Saturday, September 19, 2009

Will the Boomers Go Bust?

What Will Happen When the Baby Boomers Retire?

A retirement avalanche is about to descend. The baby boom began shortly after the end of World War II in 1945 and continued well into the 1950s. Numerically the boomers represent a work force of around 70 million, and those born earliest will be sixty-five in 2010. They are old enough to retire, but will they have the money for a living standard beyond that of the homeless?

The answer is no for most of them. Why not? Their parents for the most part retired in comfort as they could rely on company retirement plans. In those days, whether people worked for large or small companies, employers and employees felt they were part of the same family--employers held the role of ship captains and employees participated as loyal crews.

The picture began to change in the mid-seventies. A new breed of managers took over the leadership of corporations. The new business philosophy was for a company to make greater profits regardless of the means. Where once employees were part of a family engaged in a business venture, they now became nothing more than a cost factor, and costs are there to be cut. Now seen as nothing more than a financial burden, they can be eliminated by shutting down factories where they made a decent living and opening up plants in other countries where slave labor wages are the rule.

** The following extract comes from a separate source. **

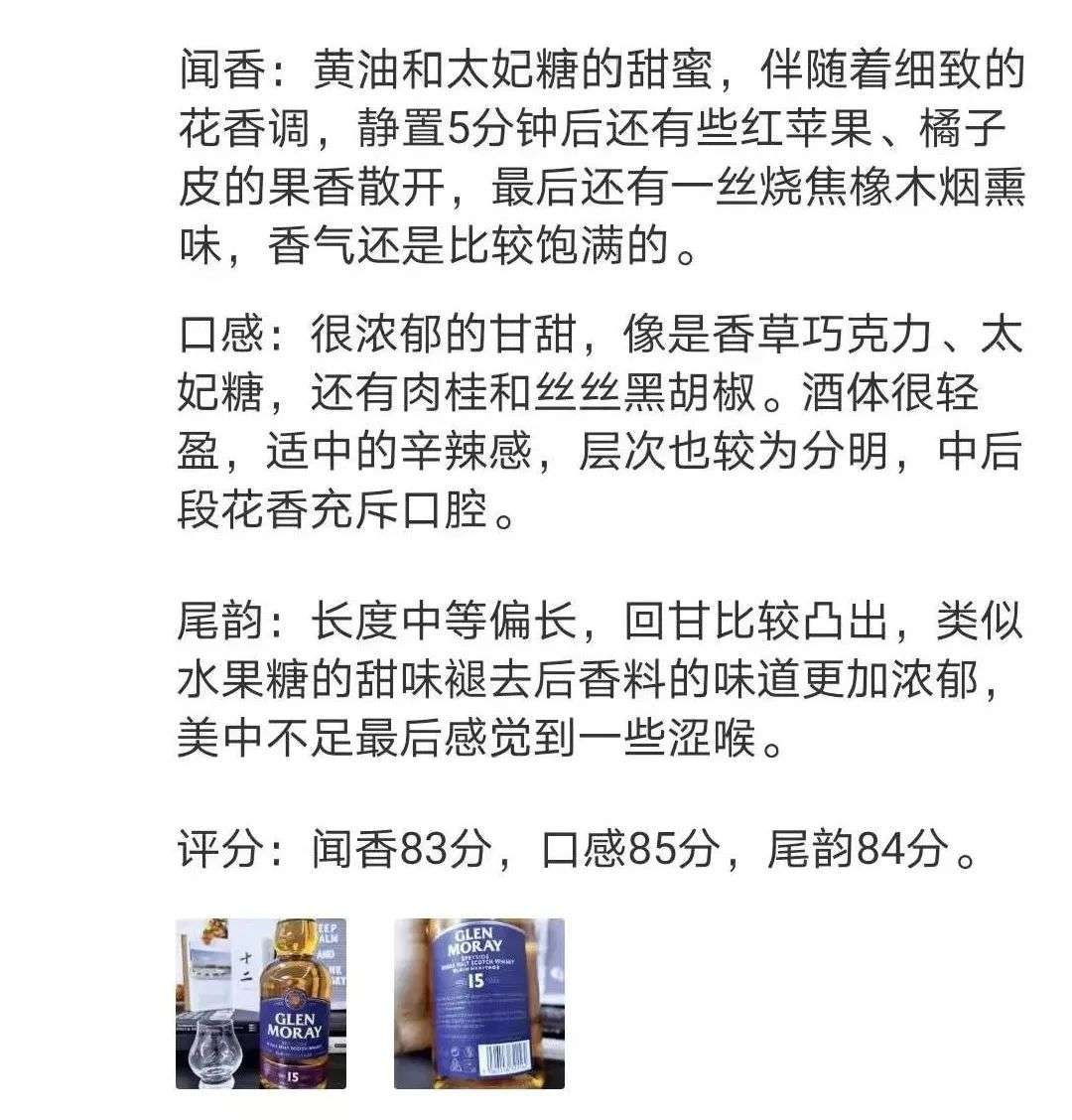 上文提到的,是一位用户在百瓶“众测馆”对格兰莫雷15年单一麦芽威士忌的测评。

If a plant stays open, employees soon get the message that they had better accept cuts in health and pension benefits or lose their jobs. If a union threatens a strike, the employer lets workers walk out. If they don't buckle under, whatever service they provided is outsourced

Simply put, a good part of the baby boomers have by now either lost their jobs and/or retirement benefits, or if they are still working, had their benefits reduced so that they cannot possibly retire at any level above poverty.


Why Did the Baby Boomers Allow Themselves to be Reduced to Cost Factors?


The Cold War had broken out, and the power struggle between the communist authoritarian regimes and the militarily superior regimes of the west brought the world closer and closer to war. War needs anger, greed and hatred to thrive, but an unimaginable turn of events took place. As the east-west conflict heated up and America became increasingly involved in Vietnam, the baby boomers, rather than respond to a patriotic call to arms, answered with a message of love and peace. For a large segment of the population in their twenties and early thirties goals of acquiring wealth and career building were replaced by a quest for a peaceful and harmonious world.

When the Vietnam War was over and most civil rights goals were achieved, the generation that had pushed for change took a rest. This was not true, however, for a minority of boomers who had continued to pursue primarily careers and money. Without the distractions of idealistic goals, the acquisition of wealth for its own sake became fashionable and got increasing support from the media through programs like "Lifestyles of the Rich and Famous." While the former hippies and war protesters did not necessarily join in the chase after money, they did not do much of anything to stop the greedy from their ever-greater worship of wealth and power. In a setting of general public complacency, it was easy for the power seekers to climb the corporate ladder by squeezing the incomes of all those on the rungs below them. Once they ruled the corporations, they got salaries and bonuses in the millions while others quietly lost their jobs and were too embarrassed to say or do anything about it.

No Work, No Money, No Retirement: Where Can You Go? How Can You Hide?

People are ashamed of being unemployed. Being broke may get you sympathy, but it won't get you respect. Having no retirement income will leave you either homeless or at the mercy of a relative. Civil servants, teachers or the career military are among the few who survive the race to the economic bottom. But those of the baby boomers who are neither wealthy nor part of a retirement system suddenly find themselves as part of a new underclass having to deal with the contempt of those who are better off. They now find themselves as outcasts much like the racial and ethnic minorities and women were before the civil rights movement.

So it becomes an irony of history that the baby boomers who did so much for the rights of the disadvantaged and in addition stopped a war, are now themselves confronted by a reality that they successfully defeated forty years earlier. Without jobs, no longer part of an "active society," they have little choice but to tap resources they have not drawn on since the early seventies. They cannot fail to recognize and face the fact that they can neither find jobs nor retire because the money they earned over their lifetimes is in the pockets of those addicted to power and greed. Considering that they are a generation of courage and innovation, they will through social and political action find ways to get back what has been taken from them. Given that the baby boomers are far better educated than earlier generations, given the fact that in their youth they were never afraid to challenge gratuitous authority, and given the fact that their personalities were developed in the period of greatest creativity, they will find the way to bring about the change needed for survival with dignity.

4 comments:

Anonymous said...

great entry howard. I'm not a baby boomer but was moved by your commentary.

lou

Anonymous said...

Very interesting and thought provoking entry.

Tercsi

Anonymous said...

It's true and we will!

Anonymous said...

God! Howard! This is so well written and thought out. I suppose those and someone of your background may simply expect this. The topic is so well measured and all the aspects of reason come through so clear and objective. Yes, I am a baby-boomer and my eyes and ears are peeled. If needed on the front line of THIS battle, I'll be on it!